CytRx Corporation, a biopharmaceutical research and development company engaged in the development of high-value human therapeutics, has announced that study results demonstrated that arimoclomol exhibited both statistically significant neuroprotective and neuroregenerative effects in brain cells of animals induced with stroke, offering insights into this drug candidate’s mechanism of action.
Orally administered arimoclomol is a molecular chaperone amplifier that is believed to help reduce the accumulation of damaged proteins that may play a role in multiple diseases and disorders.

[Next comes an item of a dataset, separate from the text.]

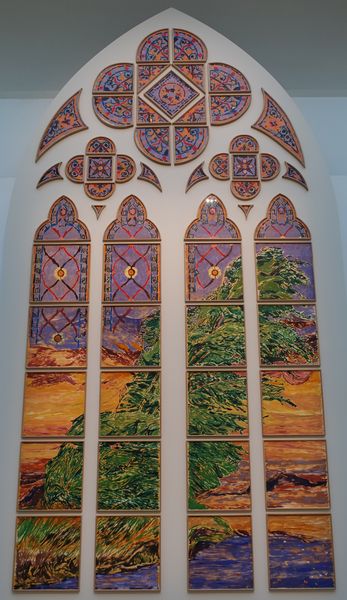 Ce vitrail évoque un choc spirituel, un écho divin vibrant du haut vers le bas, comme une onde lumineuse. Inspirée par Fra Angelico et le verset «la voix des grandes eaux», j'ai travaillé les couleurs comme une diffraction, une intensité sonore devenue lumière. Le style est figuratif mais tend vers une abstraction émotionnelle. Le bruit devient métaphore d'un Dieu invisible, de la transcendance dans le tumulte.

Reportedly, the study was conducted under the direction of stroke expert Michael Chopp of the Department of Neurology in the Henry Ford Health System, Detroit, Michigan and the Department of Physics, Oakland University, Rochester, Michigan.

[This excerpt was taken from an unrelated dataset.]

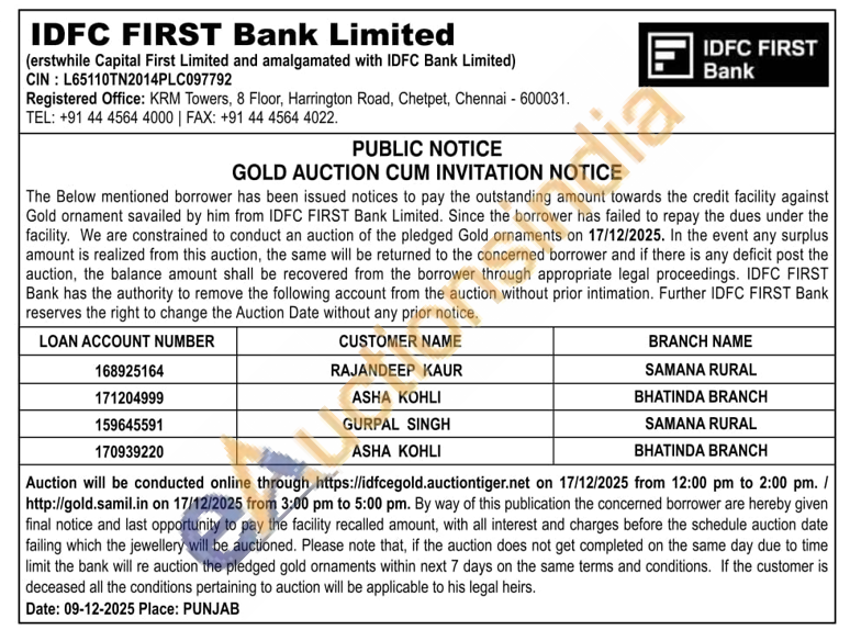 IDFC First Bank Ltd Gold Auctions Auction in Chennai

It has been reported that the results showed that arimoclomol treatment in all groups tended to increase the number of cells expressing HSP70 compared to controls in the zone surrounding the lesion, reaching statistical significance (p<0.05) in those animals initially dosed either six or 10 hours following the stroke event. Importantly, treatment with arimoclomol initiated at all four time points following the stroke event significantly increased the number of newly developing neurons in both the zone surrounding the lesion, as well as in an area called the subventricular zone of the lateral ventricle – the typical origin of these cells prior to their migration to the damaged tissue.
Steven Kriegsman, president and CEO of CytRx, said: “These results help explain how arimoclomol achieved the dramatic improvements in functional recovery that we observed in our previously announced rat stroke studies. This better understanding of arimoclomol’s mechanism of action is an important piece of information that we expect will be valuable in attracting potential pharmaceutical or biotechnology partners for further development of this exciting drug candidate. Currently, t-PA is the only FDA-approved treatment for stroke and must be administered within three hours of the initiation of stroke. We believe that arimoclomol has the potential to reach a much larger market, as our animal studies have shown statistically significant results even when animals are treated ten hours or more after stroke onset. In addition, clinical testing of arimoclomol for stroke recovery could be less expensive, as more patients could be treated at fewer sites due to the expanded therapeutic window.”